# [Records excerpted from a collection]
____

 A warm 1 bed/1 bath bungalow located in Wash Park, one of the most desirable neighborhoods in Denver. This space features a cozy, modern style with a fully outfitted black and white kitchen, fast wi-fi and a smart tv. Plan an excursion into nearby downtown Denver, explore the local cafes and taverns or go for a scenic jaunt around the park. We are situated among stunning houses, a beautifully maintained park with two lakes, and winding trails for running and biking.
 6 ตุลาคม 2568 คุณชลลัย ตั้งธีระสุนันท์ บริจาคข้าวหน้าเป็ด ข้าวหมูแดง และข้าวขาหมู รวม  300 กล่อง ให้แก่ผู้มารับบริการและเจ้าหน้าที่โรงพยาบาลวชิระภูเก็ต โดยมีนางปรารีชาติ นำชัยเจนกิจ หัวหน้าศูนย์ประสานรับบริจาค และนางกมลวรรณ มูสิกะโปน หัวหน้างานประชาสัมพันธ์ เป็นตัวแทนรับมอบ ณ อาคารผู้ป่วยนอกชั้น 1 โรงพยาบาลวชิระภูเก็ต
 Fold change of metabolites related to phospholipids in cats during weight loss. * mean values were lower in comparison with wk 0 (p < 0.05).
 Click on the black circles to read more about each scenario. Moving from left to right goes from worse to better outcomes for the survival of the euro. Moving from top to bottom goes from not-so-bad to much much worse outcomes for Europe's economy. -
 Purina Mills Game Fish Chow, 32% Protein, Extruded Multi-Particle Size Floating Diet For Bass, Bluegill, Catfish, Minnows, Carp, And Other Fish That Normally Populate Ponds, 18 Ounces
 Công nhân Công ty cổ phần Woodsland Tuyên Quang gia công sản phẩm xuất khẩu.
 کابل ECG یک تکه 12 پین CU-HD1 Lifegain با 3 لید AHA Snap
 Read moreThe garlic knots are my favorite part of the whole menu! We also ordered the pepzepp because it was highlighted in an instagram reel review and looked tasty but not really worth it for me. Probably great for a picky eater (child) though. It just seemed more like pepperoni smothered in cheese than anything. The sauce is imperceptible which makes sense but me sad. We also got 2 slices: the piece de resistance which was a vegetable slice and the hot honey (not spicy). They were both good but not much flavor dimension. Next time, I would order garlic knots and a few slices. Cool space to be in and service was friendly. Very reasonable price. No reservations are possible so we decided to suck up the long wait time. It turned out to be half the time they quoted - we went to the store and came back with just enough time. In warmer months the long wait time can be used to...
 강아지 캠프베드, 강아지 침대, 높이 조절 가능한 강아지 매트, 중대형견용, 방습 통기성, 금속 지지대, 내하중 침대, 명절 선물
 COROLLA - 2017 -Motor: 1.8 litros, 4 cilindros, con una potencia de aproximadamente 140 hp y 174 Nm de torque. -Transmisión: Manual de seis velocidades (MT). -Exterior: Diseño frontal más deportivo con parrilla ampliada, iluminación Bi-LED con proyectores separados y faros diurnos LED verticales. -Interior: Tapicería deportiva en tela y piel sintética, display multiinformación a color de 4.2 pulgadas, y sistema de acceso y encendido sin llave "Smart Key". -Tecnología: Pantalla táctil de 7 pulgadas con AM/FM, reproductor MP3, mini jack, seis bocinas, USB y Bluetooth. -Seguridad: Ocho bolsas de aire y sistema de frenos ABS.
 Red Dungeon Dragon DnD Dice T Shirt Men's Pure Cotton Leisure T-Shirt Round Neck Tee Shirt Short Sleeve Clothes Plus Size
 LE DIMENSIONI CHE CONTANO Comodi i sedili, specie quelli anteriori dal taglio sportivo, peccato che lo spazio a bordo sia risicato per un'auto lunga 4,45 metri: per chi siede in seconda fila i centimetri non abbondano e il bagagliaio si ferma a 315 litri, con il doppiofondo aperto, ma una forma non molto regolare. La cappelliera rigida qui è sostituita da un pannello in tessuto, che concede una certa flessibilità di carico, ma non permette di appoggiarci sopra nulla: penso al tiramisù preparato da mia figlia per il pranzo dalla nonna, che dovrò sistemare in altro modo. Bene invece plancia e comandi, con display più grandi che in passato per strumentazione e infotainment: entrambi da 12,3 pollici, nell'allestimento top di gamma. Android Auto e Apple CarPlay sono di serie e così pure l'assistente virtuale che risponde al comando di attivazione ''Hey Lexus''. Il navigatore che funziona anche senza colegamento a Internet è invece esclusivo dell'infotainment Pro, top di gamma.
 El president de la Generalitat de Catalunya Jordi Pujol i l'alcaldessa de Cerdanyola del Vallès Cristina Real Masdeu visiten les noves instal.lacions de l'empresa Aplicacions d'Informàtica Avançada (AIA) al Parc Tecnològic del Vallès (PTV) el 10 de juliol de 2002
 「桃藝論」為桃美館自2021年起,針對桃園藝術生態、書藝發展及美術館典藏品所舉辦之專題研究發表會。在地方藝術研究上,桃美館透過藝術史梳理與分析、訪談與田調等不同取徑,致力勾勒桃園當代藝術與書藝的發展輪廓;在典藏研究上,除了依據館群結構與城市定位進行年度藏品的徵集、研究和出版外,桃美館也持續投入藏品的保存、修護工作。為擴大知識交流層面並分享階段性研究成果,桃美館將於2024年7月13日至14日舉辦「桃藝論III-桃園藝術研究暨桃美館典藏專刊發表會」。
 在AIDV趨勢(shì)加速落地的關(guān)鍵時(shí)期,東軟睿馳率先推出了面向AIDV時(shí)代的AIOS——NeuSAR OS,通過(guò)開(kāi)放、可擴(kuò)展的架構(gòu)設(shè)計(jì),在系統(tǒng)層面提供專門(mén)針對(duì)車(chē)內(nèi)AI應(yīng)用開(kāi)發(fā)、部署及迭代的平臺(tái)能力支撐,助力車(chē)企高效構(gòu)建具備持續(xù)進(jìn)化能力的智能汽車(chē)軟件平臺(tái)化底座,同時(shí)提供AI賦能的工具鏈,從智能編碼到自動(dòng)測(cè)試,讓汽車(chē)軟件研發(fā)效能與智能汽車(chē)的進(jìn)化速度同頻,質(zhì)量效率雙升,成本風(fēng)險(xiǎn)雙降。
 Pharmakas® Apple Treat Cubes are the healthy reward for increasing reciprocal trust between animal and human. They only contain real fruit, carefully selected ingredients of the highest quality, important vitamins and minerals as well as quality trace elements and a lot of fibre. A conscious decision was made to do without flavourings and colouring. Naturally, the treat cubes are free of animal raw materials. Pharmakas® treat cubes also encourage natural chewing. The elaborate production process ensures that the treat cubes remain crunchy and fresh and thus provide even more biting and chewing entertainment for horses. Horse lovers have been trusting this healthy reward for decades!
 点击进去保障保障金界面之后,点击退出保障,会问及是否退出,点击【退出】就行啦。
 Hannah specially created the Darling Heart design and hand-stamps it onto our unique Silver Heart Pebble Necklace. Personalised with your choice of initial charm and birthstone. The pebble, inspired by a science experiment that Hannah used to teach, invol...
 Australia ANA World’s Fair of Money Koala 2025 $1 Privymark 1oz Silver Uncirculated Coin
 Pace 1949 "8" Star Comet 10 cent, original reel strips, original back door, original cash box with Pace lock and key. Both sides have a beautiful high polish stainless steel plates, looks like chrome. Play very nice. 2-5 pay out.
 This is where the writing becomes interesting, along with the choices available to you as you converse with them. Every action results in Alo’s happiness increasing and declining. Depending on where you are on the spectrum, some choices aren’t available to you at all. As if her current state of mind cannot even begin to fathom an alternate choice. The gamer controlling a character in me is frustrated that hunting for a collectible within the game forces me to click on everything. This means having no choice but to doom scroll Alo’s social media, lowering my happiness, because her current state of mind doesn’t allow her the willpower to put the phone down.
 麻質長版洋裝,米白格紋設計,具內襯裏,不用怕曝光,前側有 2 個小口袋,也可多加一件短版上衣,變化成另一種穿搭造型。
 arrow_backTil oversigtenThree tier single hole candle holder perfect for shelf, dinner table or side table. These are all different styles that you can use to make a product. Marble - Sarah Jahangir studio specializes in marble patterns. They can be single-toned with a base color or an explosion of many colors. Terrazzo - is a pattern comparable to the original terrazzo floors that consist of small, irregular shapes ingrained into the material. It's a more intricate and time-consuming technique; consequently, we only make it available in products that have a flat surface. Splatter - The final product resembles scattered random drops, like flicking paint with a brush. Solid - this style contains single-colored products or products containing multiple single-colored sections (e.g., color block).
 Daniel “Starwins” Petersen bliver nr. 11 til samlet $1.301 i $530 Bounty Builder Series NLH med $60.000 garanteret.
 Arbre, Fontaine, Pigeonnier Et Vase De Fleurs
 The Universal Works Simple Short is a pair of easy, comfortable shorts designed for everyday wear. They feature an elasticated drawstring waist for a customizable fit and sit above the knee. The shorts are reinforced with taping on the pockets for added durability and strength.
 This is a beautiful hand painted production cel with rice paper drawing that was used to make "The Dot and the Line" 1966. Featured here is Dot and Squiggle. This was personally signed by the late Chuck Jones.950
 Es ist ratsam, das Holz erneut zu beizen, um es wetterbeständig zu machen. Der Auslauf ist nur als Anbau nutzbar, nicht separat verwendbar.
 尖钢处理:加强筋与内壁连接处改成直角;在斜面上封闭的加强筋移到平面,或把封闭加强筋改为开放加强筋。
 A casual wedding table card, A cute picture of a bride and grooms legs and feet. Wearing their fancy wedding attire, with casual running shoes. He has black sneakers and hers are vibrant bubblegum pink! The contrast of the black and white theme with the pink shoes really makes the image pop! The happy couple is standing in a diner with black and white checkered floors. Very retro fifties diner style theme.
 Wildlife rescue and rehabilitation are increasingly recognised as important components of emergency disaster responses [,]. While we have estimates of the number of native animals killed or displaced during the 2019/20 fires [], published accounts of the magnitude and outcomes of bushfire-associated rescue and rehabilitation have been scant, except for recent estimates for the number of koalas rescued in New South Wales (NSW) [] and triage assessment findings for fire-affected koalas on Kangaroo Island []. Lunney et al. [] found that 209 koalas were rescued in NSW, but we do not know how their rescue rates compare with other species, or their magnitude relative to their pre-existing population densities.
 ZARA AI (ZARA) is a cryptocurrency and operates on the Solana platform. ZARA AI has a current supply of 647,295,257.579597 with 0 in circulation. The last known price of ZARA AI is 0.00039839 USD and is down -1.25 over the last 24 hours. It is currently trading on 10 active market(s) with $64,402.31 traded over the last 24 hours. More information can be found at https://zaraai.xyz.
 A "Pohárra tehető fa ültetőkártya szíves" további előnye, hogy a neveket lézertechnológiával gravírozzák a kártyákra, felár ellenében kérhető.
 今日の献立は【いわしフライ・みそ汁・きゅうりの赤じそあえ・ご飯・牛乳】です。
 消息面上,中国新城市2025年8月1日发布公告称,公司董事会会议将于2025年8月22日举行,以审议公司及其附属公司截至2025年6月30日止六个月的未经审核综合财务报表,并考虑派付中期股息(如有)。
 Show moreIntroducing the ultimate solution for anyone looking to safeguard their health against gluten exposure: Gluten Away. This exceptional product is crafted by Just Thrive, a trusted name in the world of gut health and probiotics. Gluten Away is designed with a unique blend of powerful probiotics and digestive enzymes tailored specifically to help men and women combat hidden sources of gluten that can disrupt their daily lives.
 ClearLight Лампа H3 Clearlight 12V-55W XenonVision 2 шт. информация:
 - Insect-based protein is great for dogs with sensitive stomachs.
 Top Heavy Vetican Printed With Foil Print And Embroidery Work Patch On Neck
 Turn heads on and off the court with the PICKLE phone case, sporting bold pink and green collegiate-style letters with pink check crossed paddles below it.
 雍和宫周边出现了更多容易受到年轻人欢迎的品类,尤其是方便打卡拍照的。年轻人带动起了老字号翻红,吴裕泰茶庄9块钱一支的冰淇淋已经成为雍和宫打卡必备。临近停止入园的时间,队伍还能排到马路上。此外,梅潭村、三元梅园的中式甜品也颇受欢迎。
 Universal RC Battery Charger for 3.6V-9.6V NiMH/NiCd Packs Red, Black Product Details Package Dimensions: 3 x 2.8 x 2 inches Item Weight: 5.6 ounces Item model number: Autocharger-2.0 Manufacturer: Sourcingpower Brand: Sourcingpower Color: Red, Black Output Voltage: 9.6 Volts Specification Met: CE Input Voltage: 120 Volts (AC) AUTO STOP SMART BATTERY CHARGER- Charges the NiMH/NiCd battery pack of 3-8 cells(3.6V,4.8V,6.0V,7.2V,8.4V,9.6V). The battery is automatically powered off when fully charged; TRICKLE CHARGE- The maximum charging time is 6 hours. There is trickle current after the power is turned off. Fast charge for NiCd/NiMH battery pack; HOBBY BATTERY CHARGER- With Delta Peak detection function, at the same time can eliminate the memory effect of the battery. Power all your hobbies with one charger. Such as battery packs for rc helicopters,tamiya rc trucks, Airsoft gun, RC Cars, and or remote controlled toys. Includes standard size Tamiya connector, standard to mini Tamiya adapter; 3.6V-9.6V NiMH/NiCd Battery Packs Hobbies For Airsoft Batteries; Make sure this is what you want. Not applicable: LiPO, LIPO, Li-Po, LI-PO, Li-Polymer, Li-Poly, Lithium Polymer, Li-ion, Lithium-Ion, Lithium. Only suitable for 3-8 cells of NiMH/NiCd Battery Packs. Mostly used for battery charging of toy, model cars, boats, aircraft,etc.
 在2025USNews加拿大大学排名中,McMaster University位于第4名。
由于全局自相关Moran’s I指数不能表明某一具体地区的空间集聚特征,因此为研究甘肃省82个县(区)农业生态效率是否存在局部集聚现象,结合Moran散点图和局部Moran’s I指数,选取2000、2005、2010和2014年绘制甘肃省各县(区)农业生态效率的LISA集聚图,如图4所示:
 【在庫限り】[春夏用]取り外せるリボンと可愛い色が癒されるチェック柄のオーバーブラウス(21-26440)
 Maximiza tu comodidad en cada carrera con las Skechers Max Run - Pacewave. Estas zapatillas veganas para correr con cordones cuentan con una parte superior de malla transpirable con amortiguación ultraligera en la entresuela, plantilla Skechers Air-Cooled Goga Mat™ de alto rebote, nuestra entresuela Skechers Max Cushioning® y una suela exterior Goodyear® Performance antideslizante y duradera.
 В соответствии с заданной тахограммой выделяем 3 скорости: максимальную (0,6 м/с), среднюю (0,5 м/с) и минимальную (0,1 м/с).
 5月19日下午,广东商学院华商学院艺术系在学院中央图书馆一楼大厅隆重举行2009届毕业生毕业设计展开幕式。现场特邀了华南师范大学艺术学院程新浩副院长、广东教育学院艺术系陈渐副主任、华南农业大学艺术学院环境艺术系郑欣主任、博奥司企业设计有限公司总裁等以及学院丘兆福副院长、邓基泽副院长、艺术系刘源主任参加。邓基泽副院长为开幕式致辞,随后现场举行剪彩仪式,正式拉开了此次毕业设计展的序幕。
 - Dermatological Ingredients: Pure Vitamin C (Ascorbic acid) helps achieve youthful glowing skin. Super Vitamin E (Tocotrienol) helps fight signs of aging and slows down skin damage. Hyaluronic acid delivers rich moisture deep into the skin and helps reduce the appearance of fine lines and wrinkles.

____

# [Goal of the exercise]
Your answer must consist solely of the lines above between the line holding "ClearLight Лампа H3" and the line holding "雍和宫周边出现了更多容易受到", inclusive, copied exactly.

# [Output of the task]
 ClearLight Лампа H3 Clearlight 12V-55W XenonVision 2 шт. информация:
 - Insect-based protein is great for dogs with sensitive stomachs.
 Top Heavy Vetican Printed With Foil Print And Embroidery Work Patch On Neck
 Turn heads on and off the court with the PICKLE phone case, sporting bold pink and green collegiate-style letters with pink check crossed paddles below it.
 雍和宫周边出现了更多容易受到年轻人欢迎的品类,尤其是方便打卡拍照的。年轻人带动起了老字号翻红,吴裕泰茶庄9块钱一支的冰淇淋已经成为雍和宫打卡必备。临近停止入园的时间,队伍还能排到马路上。此外,梅潭村、三元梅园的中式甜品也颇受欢迎。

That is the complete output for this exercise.